── Recorded information
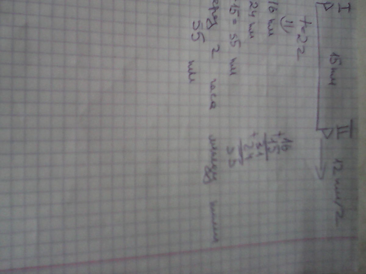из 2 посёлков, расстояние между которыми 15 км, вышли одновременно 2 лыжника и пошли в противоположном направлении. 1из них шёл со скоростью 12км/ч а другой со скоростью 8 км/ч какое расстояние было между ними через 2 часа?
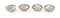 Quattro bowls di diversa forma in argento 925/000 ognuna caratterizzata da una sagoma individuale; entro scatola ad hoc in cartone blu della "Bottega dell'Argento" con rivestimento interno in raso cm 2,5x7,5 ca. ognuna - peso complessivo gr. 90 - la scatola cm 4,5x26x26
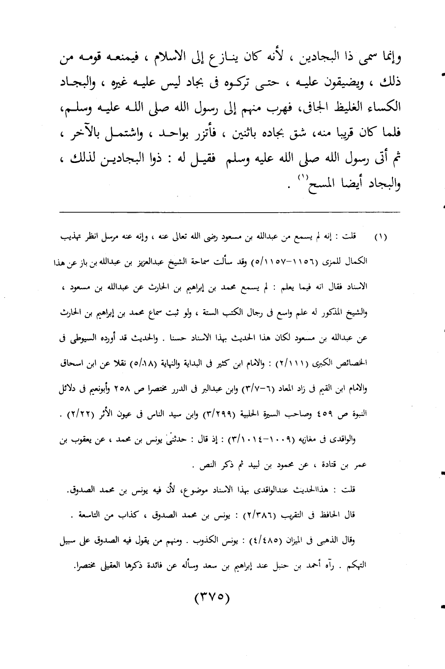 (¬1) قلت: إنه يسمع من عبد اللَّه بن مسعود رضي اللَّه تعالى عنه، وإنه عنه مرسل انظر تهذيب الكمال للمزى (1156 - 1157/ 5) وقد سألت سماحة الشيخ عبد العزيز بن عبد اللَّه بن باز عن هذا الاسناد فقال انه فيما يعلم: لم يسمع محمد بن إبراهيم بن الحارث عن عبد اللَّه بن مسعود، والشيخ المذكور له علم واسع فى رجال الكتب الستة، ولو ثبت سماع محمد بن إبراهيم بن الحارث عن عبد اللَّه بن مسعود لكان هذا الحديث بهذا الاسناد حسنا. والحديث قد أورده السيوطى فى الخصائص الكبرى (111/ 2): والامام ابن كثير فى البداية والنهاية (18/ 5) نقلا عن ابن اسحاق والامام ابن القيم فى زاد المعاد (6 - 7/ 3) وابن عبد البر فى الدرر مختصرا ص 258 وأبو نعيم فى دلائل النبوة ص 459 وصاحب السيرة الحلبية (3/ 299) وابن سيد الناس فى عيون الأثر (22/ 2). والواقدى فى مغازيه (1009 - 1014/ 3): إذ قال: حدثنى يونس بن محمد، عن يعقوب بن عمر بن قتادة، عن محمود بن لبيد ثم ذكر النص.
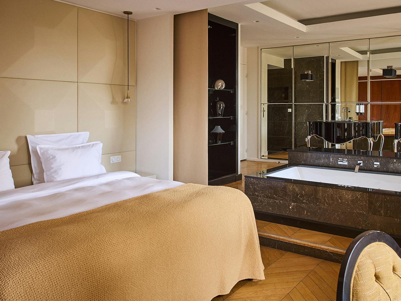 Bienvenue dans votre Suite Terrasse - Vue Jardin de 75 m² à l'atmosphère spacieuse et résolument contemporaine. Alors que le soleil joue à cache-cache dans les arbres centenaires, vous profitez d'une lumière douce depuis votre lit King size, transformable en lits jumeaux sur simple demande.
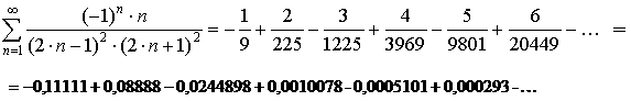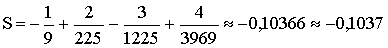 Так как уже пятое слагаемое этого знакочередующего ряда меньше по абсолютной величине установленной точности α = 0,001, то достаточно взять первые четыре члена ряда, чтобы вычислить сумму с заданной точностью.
────
→ Exercise prompt: With the pictures left out, copy exactly the lines from the one containing "Bienvenue dans votre" through the final line of the records above, both included.

→ Exercise solution:
 Bienvenue dans votre Suite Terrasse - Vue Jardin de 75 m² à l'atmosphère spacieuse et résolument contemporaine. Alors que le soleil joue à cache-cache dans les arbres centenaires, vous profitez d'une lumière douce depuis votre lit King size, transformable en lits jumeaux sur simple demande.
 Так как уже пятое слагаемое этого знакочередующего ряда меньше по абсолютной величине установленной точности α = 0,001, то достаточно взять первые четыре члена ряда, чтобы вычислить сумму с заданной точностью.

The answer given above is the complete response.